Michael Hewitt

Personal information
- Full name: Michael Joseph Hewitt
- Date of birth: 23 October 2000 (age 25)
- Place of birth: Irvine, Scotland
- Height: 1.88 m (6 ft 2 in)
- Position: Defender

Team information
- Current team: Portadown

Youth career
- 0000–2017: Rangers

Senior career*
- Years: Team / Apps / (Gls)
- 2017–2018: Rangers / 0 / (0)
- 2017: → Edusport Academy (loan)
- 2018–2023: Ayr United / 19 / (0)
- 2019: → Kilwinning Rangers (loan)
- 2020: → Annan Athletic (loan) / 5 / (0)
- 2022–2023: → Peterhead (loan) / 11 / (1)
- 2023–2024: Hamilton Academical / 17 / (1)
- 2024–2026: Queen of the South / 51 / (7)
- 2026–: Portadown / 6 / (0)

= Michael Hewitt =

Scottish footballer

Michael Joseph Hewitt (born 23 October 2000) is a Scottish professional footballer who plays as a defender for NIFL Premiership club Portadown.

==Career==
Born in Irvine, Hewitt started his career at Bellfield Royals 2000s and won the Glasgow League in an unbeaten side, then signed for Rangers. Hewitt played youth football with Rangers and had a loan spell with Edusport Academy in 2017, with 37 appearances in the Scottish Lowland League.

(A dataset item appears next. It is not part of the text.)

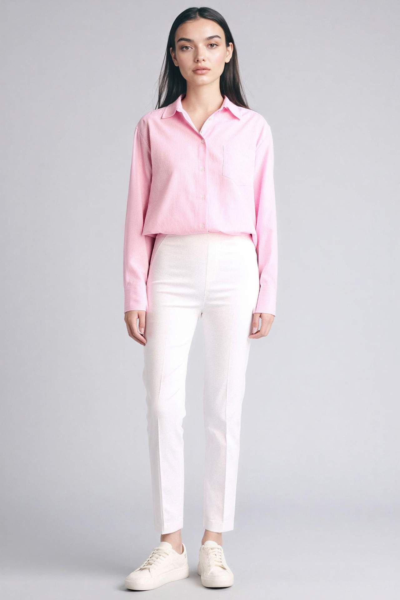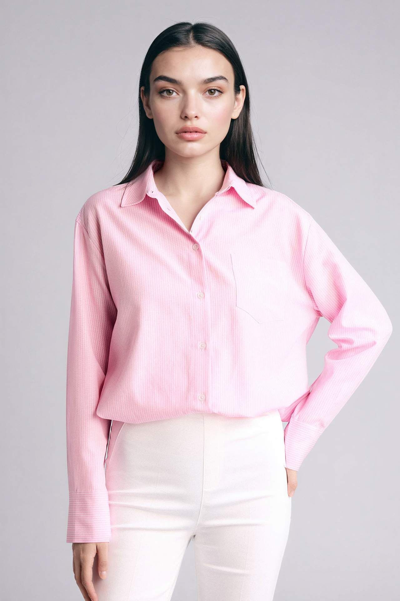 Oversıze Gömlek Yaka Çizgili Oxford Uzun Kollu Gömlek

Hewitt signed a two-year contract with Ayr United in the 2019 close season. Hewitt then had a spell at Kilwinning Rangers in the first-half of the 2019–20 season, with 22 appearances before joining Annan Athletic on loan in January 2020. Hewitt appeared in 5 league matches for the Galabankies before the league was cut short due to the corona pandemic.

Hewitt's first-team debut for Ayr United was on 6 October 2020 in a 5–2 Scottish League Cup victory away to Albion Rovers, before making his league debut for the club away to Inverness Caledonian Thistle in the Scottish Championship on 24 October 2020. Hewitt made 8 appearances for the Honest Men in the 2020-21 season.

Hewitt was then loaned to Peterhead in September 2022.

On 4 August 2023, Hewitt joined Scottish League One club Hamilton Academical on a permanent deal.

On 9 July 2024, it was announced that Hewitt signed a one-year deal with Queen of the South.